不过在混乱的战场上,敌人就算截获了情报,也要比己方多一点时间解读,哪怕并没有完全加密。解读了之后,也不一定相信,或者会当成是敌人故意散布的动摇军心的假消息。
“奔向大海”战役的最后阶段,双方都到了强弩之末,本来就彻底穿插跑乱了,战场的混乱,让沟通的效率极大降低。
法兰克人和比利金人之间也缺乏沟通。比利金人是否准备炸坝,也是他们自己秘密决定的,法兰克人不可能知道。
所以敌人比己方晚一个小时、甚至两个小时,才意识到问题,也是再正常不过了。
鲁路修从来没指望不让敌人截获,他只要打个时间差就够了。
收发完电文后,他就把自己的措辞整理了一下,把记录稿拿给刚刚又指挥完一场小战斗的安德里:
“上尉,我已经对附近的友军广播示警了,第16团已经回复,说他们离我们还有七到八公里,已经开始轻装前进。
他们还说已经请示了师部,师部也批复同意了他们的随机应变。所以,我们的建议,已经被上面正式追认了。”
安德里焦躁地看了一下手表:“李斯特团长大约还要多久能赶到这儿?”
鲁路修:“他们已经渡过河、加速前进了。就算比军意识到变故后立刻炸堤放水,等水蔓到他们脚下时,我估计离这儿也就剩两三公里了。
最后这段路徒步涉水也能赶到,淹不死人的,最多损失些物资。”
安德里稍稍松了口气:“就算没法全师赶到,如果李斯特上校的团能赶到,我们就还有打下去的本钱。
法兰克人也是今天凌晨才刚刚从西边的敦刻尔克、赶到我们西边七公里的德潘讷。现在进攻镇子的法兰克人,都是从德潘讷出发的。
敌人的总数虽然是我们的十几倍,但他们也要一点点赶到前线,这样就会形成添油战术。我们有一个团,就有可能守住!”
安德里的这番分析,也让鲁路修松了口气。
奔向大海战役,确实就是打得这么混乱。敌我双方都在与生命赛跑,拼命往北狂奔迂回。各方的部队都被这种狂奔拉成了一字长蛇阵。
一个师可能会绵延十几公里,当这个师的第一个团投入战斗时,最后一个团可能距离战场还有半天路程。
不仅德军和法军如此,从安特卫普溃退下来的比军更是如此。
他们看似有三个师,可也就第一个师的先锋刚要到尼奥波特,而第三个师甚至还没赶到东边二十公里外的奥斯坦德。

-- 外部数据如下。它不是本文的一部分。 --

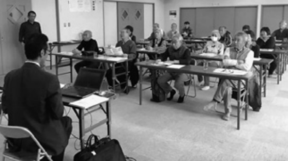
また、家族が入所した際の話が参加者から語られ、費用負担については

介護施設の特徴や施設を選ぶ際のポイントについても説明があり、参加者から「特別養護老人ホームの数は釧路地域に足りていないのでは?」「施設には一定の収入がなければ入所できないのか?」「どのように生活しているか実際に入所している人の部屋を見ることができか?」などの質問が寄せられました。

安德里见鲁路修已经缓过来了,就把放在旁边地上的步枪递还给他:“如果你这边不用再联络上级了,就带着你的排参加防守吧,或者去看看你们排另外几个士官醒过来了没。我们的防守压力越来越大了。”
他说话的时候,远处又零星传来炮弹爆炸的声音,嗖嗖的机枪扫射也没怎么停过,显然每个人都在努力奋战。
鲁路修看着手中的步枪,总觉得自己一个技术士官兼军迷穿越者,去做步兵的事情有些浪费能力了,自己明明可以改变更多。
而且他才穿越过来几个小时,还没充分适应。命只有一条,能不干那种直接面对子弹的事情,还是别干为好。
于是他绞尽脑汁飞速地思索着,居然很快又给他想到了一个点子,立刻主动建议道:
“上尉,我想我留在电讯室,可以为战役做更大的贡献。您那边再艰难也不缺一个步兵。”
安德里眉毛一挑,本想训斥他,但一想到鲁路修刚才也确实做了大事,就再给他一次机会:“那就有话快说!”
鲁路修:“我可以顺便监听附近敌人的短波明码电报,看看他们的反应,说不定还能推测出敌人有没有改变主意,比如想提前炸坝什么的。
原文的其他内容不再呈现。